Hardey may be quick to point out that Westlake is a city, but he doesn’t pretend to be “citified” or anything he’s not. He was born and raised in Westlake. He came from an industry background.
“I never had to drive more than two-and-a-half miles to any job I’ve ever had,” he said.
When he retired at age 58, he had no intention of becoming mayor.
“The right people asked,” he said.
And he sought the blessing of only one person, his wife Jan Peck Hardey.
“I knew the city was in bad shape,” Hardey said, “but I didn’t know how bad.”
She told him, “Well you are retired. You have seven grandsons and they all live in Westlake. If you know you can straighten it out, why don’t you go straighten it out for them.”
“This isn’t exactly what I had in mind for retirement,” Hardey said. “It’s half the pay with a whole lot more responsibility.”
Sixty percent of the city’s debt has been paid off in six years and the remaining debt refinanced to an even lower interest rate. The city will pay off the reminder in five years.
“We’ve come a long way in six years,” Hardey said. “After a legislator audit, they were about to shut us down. We were three-quarter of a million upside down.”
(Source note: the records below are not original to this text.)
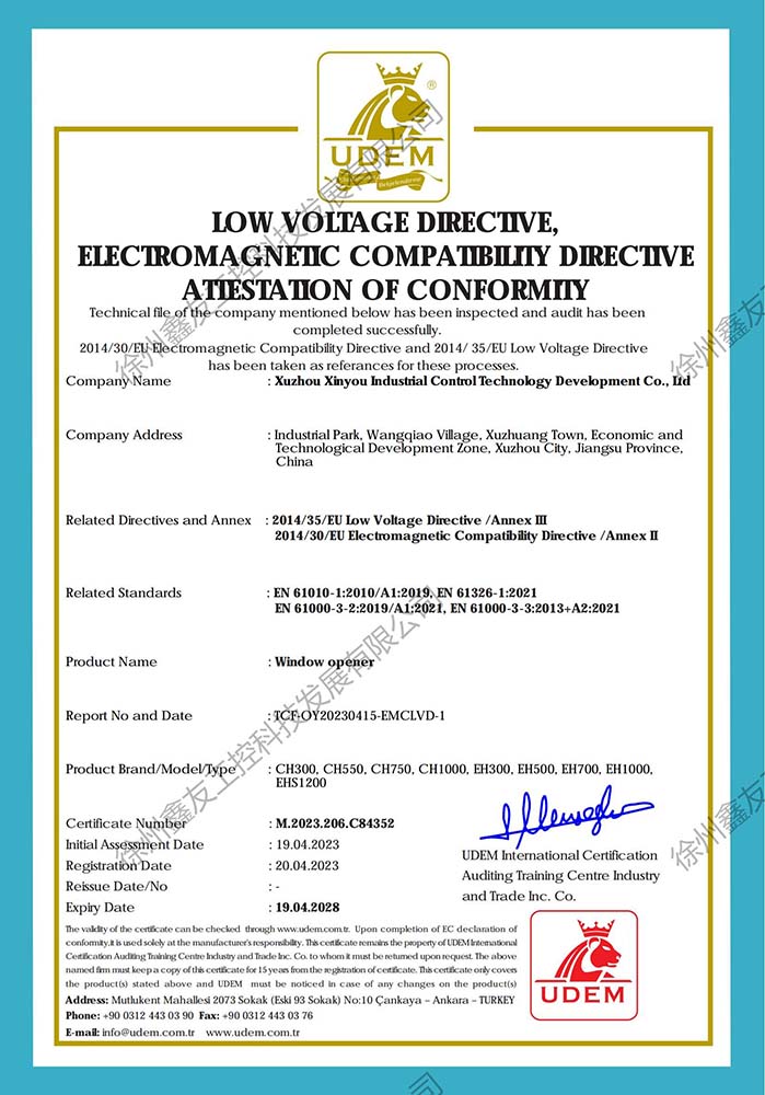 徐州鑫友工控科技發(fā)展有限公司成立于2008年,占地31600平方米,全資子公司:江蘇良紫工程科技有限公司,旗下 有“鑫友”及“MASTER.W主人窗控”兩個品牌系列,公司全面貫徹執(zhí)行IS09001:2015質量管理體系標準,產(chǎn)品順利通過歐盟CE認證和中國***消防電子產(chǎn)品認證,通過可燃性粉塵環(huán)境下、爆炸性環(huán)境下防爆合格產(chǎn)品檢驗。排煙天窗整窗通過***消防產(chǎn)品質量監(jiān)督檢驗中心檢測。先后獲得多項******及榮譽證書。集研發(fā)、加工、生產(chǎn)、制造、銷售、安裝及售后于一體,是一家高起點、研發(fā)能力強的專業(yè)智能化***技術企業(yè)。
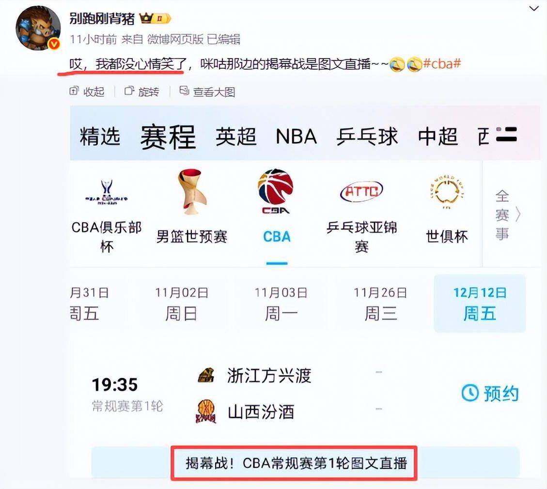 对于大部分比赛没有直播,媒体人也是进行吐槽。赵探长吐槽道:高中毕业就没看过图文直播了。别跑刚背猪说,cba的文字直播时代还真是挺久远的事情了,我记得cba最初的网络全场次直播好像还是13-15年之间的事情。他还直播表达:哎,我都没心情笑了,某咕那边的揭幕战是图文直播。
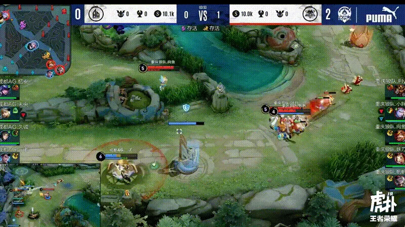 7分38秒,中路团战打响,Fly关羽巧妙绕后切入,大招推到3人,重庆狼队团灭AG超玩会
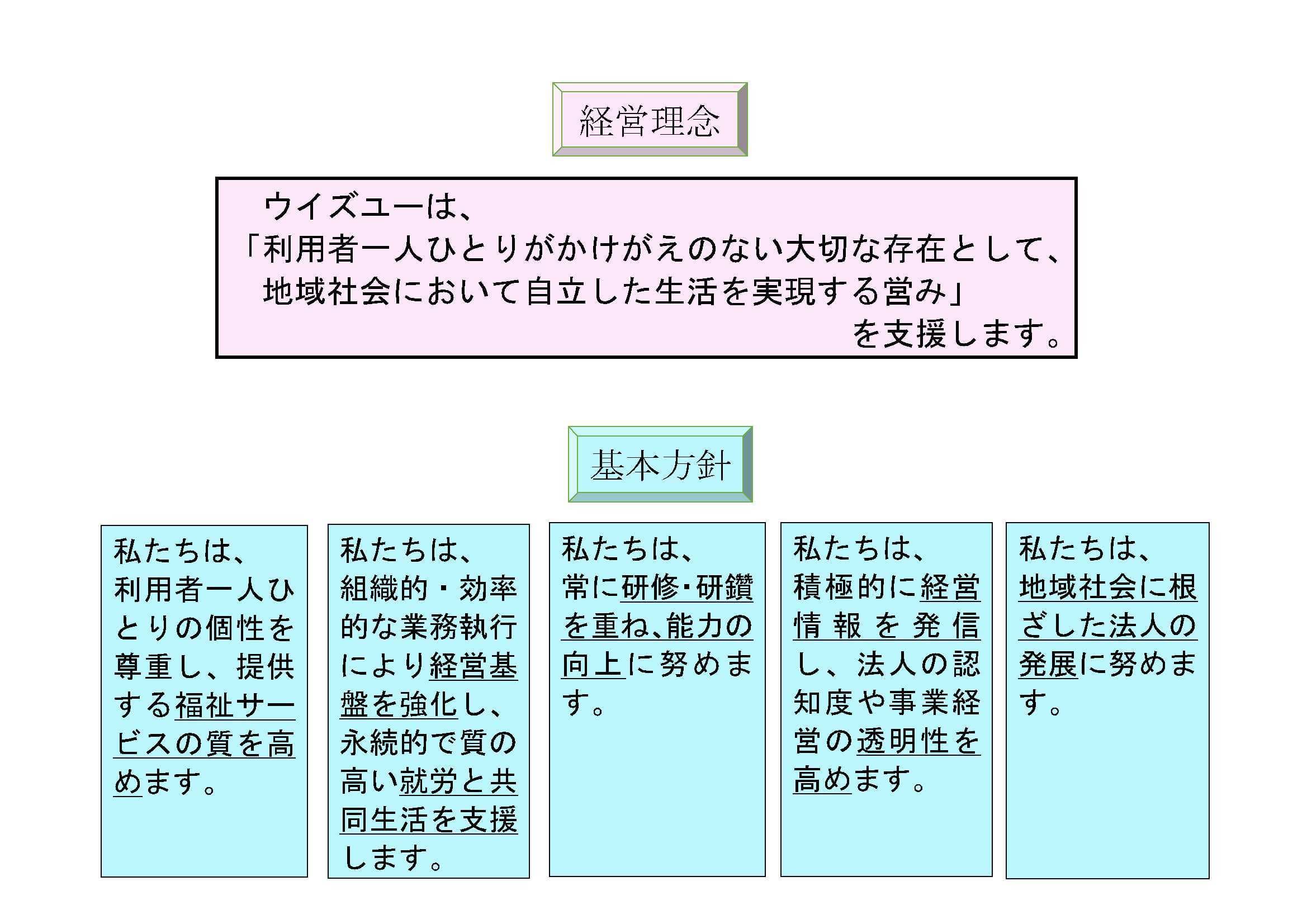 | 理 念 | 『地球上の誰一人取り残さない』 | 『利用者一人ひとりがかけがえのない大切な存在として、地域社会において自立した生活を実現する営みを支援する』 |
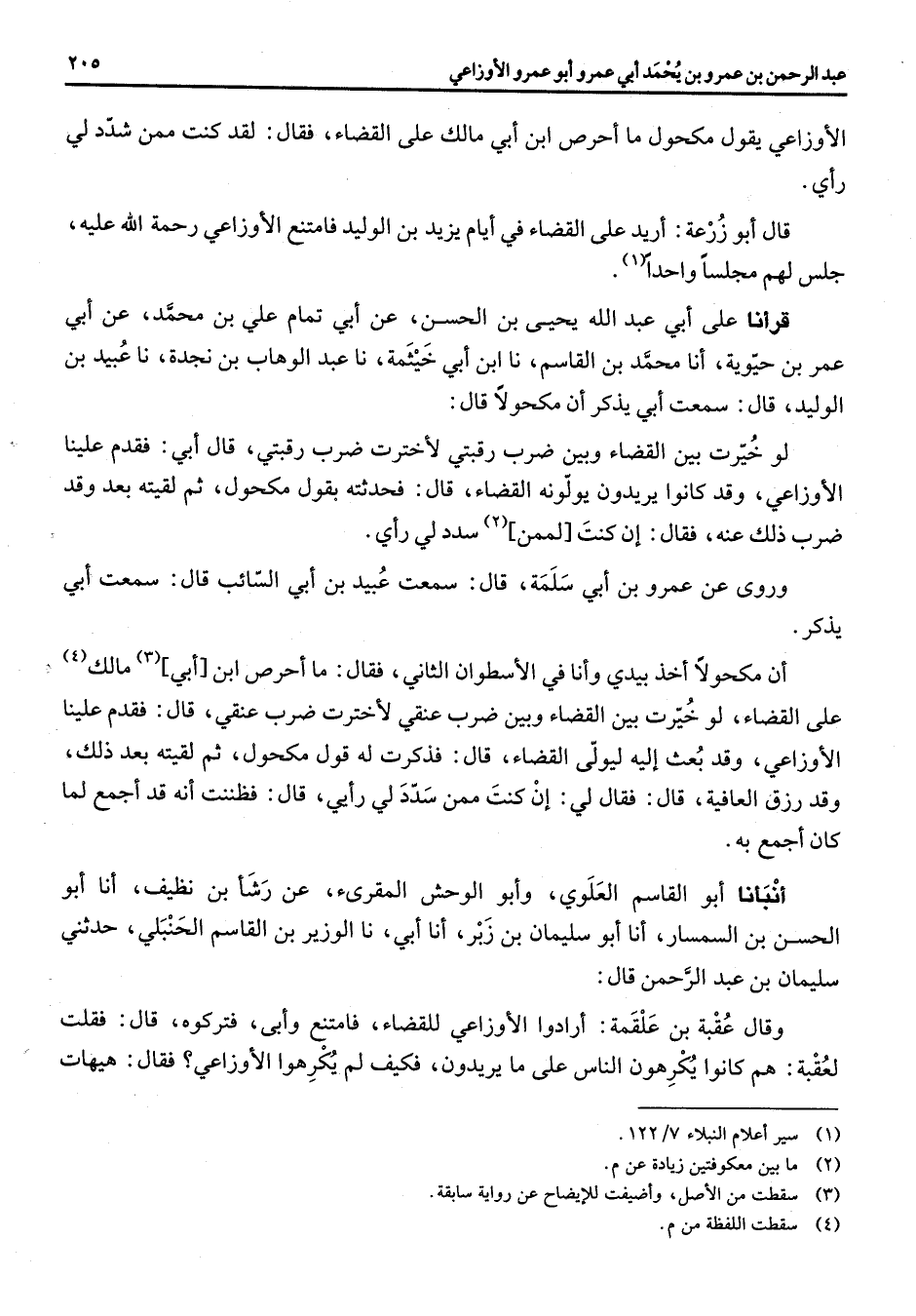 الأوزاعي يقول مكحول ما أحرص ابن أبي مالك على القضاء فقال لقد كنت ممن شدد لي رأي قال أبو زرعة أريد على القضاء في أيام يزيد بن الوليد فامتنع الأوزاعي رحمة الله عليه جلس لهم مجلسا واحدا (1) قرأنا على أبي عبد الله يحيى بن الحسن عن أبي تمام علي بن محمد عن أبي عمر بن حيوية انا محمد بن القاسم نا ابن أبي خيثمة نا عبد الوهاب بن نجدة نا عبيد بن الوليد قال سمعت أبي يذكر ان مكحولا قال لو خيرت بين القضاء وبين ضرب رقبتي لأخترت ضرب رقبتي قال أبي فقدم علينا الأوزاعي وقد كانوا يريدون يولونه القضاء قال فحدثته بقول مكحول ثم لقيته بعد وقد ضرب ذلك عنه فقال ان كنت [لممن] (2) سدد لي رأي وروى عن عمرو بن أبي سلمة قال سمعت عبيد بن أبي السائب قال سمعت أبي يذكر أن مكحولا أخذ بيدي وانا في الأسطوان الثاني فقال ما أحرص ابن [أبي] (3) مالك (4) على القضاء لو خيرت بين القضاء وبين ضرب عنقي لأخترت ضرب عنقي قال فقدم علينا الأوزاعي وقد بعث إليه ليولى القضاء قال فذكرت له قول مكحول ثم لقيته بعد ذلك وقد رزق العافية قال فقال لي ان كنت ممن سدد لي رأيي قال فظننت انه قد أجمع لما كان أجمع به أنبأنا أبو القاسم العلوي وأبو الوحش المقرئ عن رشأ بن نظيف انا أبو الحسن بن السمسار انا أبو سليمان بن زبر انا أبي نا الوزير بن القاسم الحنبلي حدثني سليمان بن عبد الرحمن قال وقال عقبة بن علقمة أرادوا الأوزاعي للقضاء فامتنع وأبي فتركوه قال فقلت لعقبة هم كانوا يكرهون الناس على ما يريدون فكيف لم يكرهوا الأوزاعي فقال هيهات
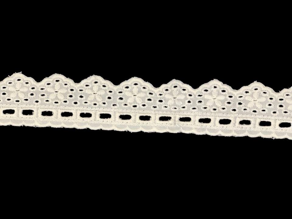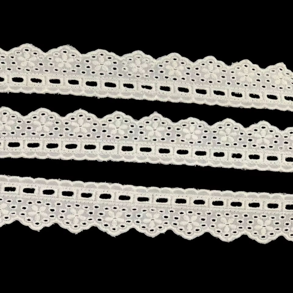 Premium quality 100% Cotton Eco-Friendly Eyelet Scallop Lace Fabric Trim Quick-Dry Breathable Lightweight White

Hardey is hands-on and relies heavily on “his team.” He says the city’s successes are a credit to department heads, city council members and accountant Jerry Milner.
Current Westlake City Council Members are “Skeeter” Hays, Jeremy Cryer, Dan Racca and Kenny Brown.
He also credits Westlake residents who understand the necessity to make tough decisions when those decisions are communicated clearly.
Will he run again?
“I’d like to see the job through to the end,” Hardey said. “But when Ms. Jan says I’m done, I’m done,” he said.
So far, she hasn’t said he can’t run again.